На нее будто плеснули ледяной водой, но она сдержалась и спросила только:
— Зачем она туда едет? — думая, что Уилли просто решила побегать по магазинам и накупить таких платьев, какие только она одна и носит.
— Она поступает на работу.
— На какую еще работу?
— Прически делать.
— Что она понимает в прическах, с ее-то кудлами на голове?
— Не знаю, но она туда переезжает со всеми манатками.
— О чем же тогда она тебя просила?
— Она спрашивала, не подвезу ли я ее до Норфолка.
Розакок выдернула руку из его руки.
— На этом мотоцикле?
— Да.
— Значит, она совсем уже спятила. — Они карабкались на холм, глядя вперед, туда, где начиналась рощица. — И ты ее повезешь?
— Еще не знаю.
— Когда ж ты будешь знать?
— Сегодня, когда приеду домой. — Он опять взял ее за руку, давая понять, что разговор об Уилли Дьюк окончен, и повел в рощицу.
Они пробирались среди кустов шиповника, среди низких веток каких-то деревьев и ядовитого сумаха (тут даже опасно ходить, а Уэсли босой), и оба глядели в землю, будто каждую минуту под ногами мог разверзнуться глубокий колодец.
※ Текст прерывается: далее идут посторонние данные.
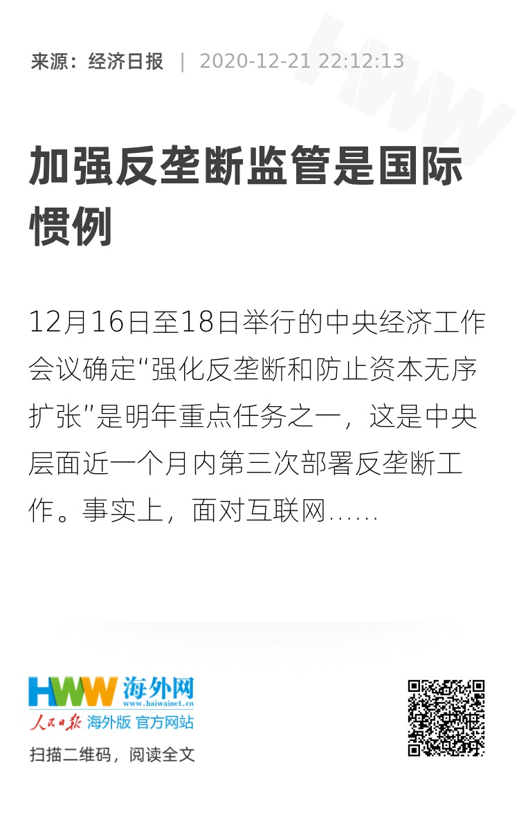 12月16日至18日举行的中央经济工作会议确定“强化反垄断和防止资本无序扩张”是明年重点任务之一,这是中央层面近一个月内第三次部署反垄断工作。事实上,面对互联网这个“超级平台”,世界各国和经济体反垄断执法机构均采取了强硬的监管态度和制约措施,加强反垄断监管成为全球趋势。

Деревья становились все гуще, в роще начинало темнеть, и, когда Розакок, оглянувшись, уже не увидела мулов, она сказала:
— Уэсли, мы с тобой напоремся на ядовитый сумах, и Майло над нами всю жизнь будет измываться, а воды ты тут все равно до самой ночи не найдешь.
— Может, я вовсе не воду ищу, — сказал Уэсли.
— Золотого песка я тут что-то не вижу — чего же ты ищешь?
Справа от Уэсли стоял дуб, вокруг его корней земля была почти голая. Уэсли потянул ее под дуб и сел на коротенькую редкую травку. Розакок держалась за его руку, но не села.
— Скоро совсем стемнеет, — сказала она, — мы в кровь обдеремся и ноги собьем, пока выберемся.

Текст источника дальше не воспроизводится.